▶ **Problem details**: Below are records; reproduce exactly the lines from the one that has "CENTRE DE FORMATION DU SDIS" through the one that has "Mieszkańcy gminy uczestniczący", ends included, and nothing more.

▶ **Dataset excerpts**:
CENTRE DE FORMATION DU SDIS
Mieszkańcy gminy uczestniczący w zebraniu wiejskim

==

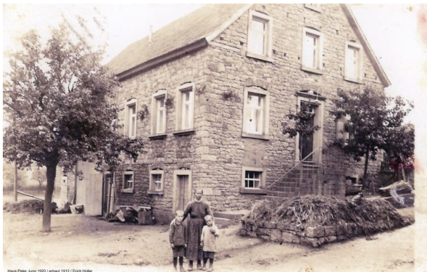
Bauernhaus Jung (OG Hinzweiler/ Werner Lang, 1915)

▶ **Solution for this exercise**:
CENTRE DE FORMATION DU SDIS
Mieszkańcy gminy uczestniczący w zebraniu wiejskim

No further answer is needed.